There is one test that, if she passes it, could convince voters that Clinton is on their side. It involves what Clinton does over the next few months to prove that she meant it when she came out in opposition to the Trans-Pacific Partnership trade deal a few weeks ago.
Politics In 2016 Will Be Different
Politics is different this time. Voters feel betrayed by the politicians they have supported in the past. Just look at what is happening on the right. The conventional candidates like "Jeb!" Bush are polling at 3 percent or so -- or just dropping out of the race. The candidates who have never held office and do not exhibit any qualifications whatsoever for governing -- Donald Trump and Ben Carson -- are way ahead.
On the Democratic side the problem is, as always, voter turnout. Working people -- wages stagnant or falling and employers putting the squeeze on in hundreds of imaginative ways -- have figured out that they've been sold out by "establishment" politicians who have helped "rig the game" against them. And they are fed up.
Millions of voters, betrayed and cynical, have simply given up on the system. They haven't gotten anything from the system in a long time. They don't vote and they don't believe the things politicians tell them.
Candidate Hillary Clinton might not need those voters to win the nomination and maybe not even to win the election.
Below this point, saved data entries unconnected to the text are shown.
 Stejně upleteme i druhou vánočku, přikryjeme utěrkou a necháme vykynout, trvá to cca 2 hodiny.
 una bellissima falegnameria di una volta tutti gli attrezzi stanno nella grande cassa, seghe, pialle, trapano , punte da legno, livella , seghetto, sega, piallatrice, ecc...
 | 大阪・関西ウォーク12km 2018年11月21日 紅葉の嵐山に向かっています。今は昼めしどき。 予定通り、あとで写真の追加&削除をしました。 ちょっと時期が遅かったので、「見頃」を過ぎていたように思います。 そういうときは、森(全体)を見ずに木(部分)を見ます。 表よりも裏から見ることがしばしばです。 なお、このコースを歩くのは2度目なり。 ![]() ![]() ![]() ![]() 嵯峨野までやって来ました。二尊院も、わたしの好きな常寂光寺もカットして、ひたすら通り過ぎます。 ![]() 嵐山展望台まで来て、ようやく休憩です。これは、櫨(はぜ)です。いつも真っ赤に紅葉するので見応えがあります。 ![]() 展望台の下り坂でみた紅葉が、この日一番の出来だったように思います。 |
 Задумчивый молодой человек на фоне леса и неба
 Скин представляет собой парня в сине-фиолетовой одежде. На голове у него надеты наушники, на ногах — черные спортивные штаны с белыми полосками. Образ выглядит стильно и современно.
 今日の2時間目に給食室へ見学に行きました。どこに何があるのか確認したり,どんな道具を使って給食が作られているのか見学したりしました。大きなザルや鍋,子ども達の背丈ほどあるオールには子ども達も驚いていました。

But if she wants "coattails" to bring in a Democratic House and Senate, be it in 2016 or 2018, she is going to have to earn their trust.
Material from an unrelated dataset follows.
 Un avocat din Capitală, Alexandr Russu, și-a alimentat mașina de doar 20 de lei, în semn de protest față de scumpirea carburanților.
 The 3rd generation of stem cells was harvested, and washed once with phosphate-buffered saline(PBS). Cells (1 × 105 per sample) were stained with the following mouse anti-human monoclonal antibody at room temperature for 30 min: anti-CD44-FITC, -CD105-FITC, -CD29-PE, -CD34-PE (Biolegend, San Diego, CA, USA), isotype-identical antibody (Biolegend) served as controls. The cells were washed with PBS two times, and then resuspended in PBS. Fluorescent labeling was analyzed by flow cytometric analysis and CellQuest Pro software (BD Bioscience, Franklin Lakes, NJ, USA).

Democratic voters are skeptical of promises. They want to see proof. They want to see action. They want to see changes. Or they will just stay home. And the terrible mess we are in will continue and worsen.
"NAFTA-Style" Trade Deals
One major source of Democratic voter distrust and skepticism that comes up repeatedly is a belief that "corporate Democrats" sold out working people with "NAFTA-style" trade deals.
"Free trade" deals and our country's corporate-over-labor trade policies generally have resulted in massive, enormous, humongous trade deficits -- the metric of jobs lost, factories closed and wealth drained from our economy. These "trade" deals sent millions of jobs out of the country to places like Mexico and China so that shareholders and executives could pocket the wage difference. Voters in places like Ohio, Pennsylvania, Michigan and the rest of the "rust belt" look around them and see the result: empty factories with broken windows, boarded-up downtowns, foreclosed and abandoned homes falling apart " and the lucky-if-you-find-one replacement jobs that pay a fraction of what they used to make.
Politicians know voters understand that the trade deals sold them out, and instead of making things better the politicians lied to the voters and sold them out again. In 2008, for example, candidate Barack Obama repeatedly expressed his opposition to NAFTA, promising to renegotiate the disastrous "trade" agreement "immediately" after taking office. He said, "I would immediately call the president of Mexico, the president of Canada, to try to amend NAFTA " "
But after taking office Obama went back on that promise, and the wages of working Americans continued to decline. Instead of renegotiating NAFTA as promised, Obama brought in Wall Street negotiators who eventually brought us the job-killing Trans-Pacific Partnership (TPP).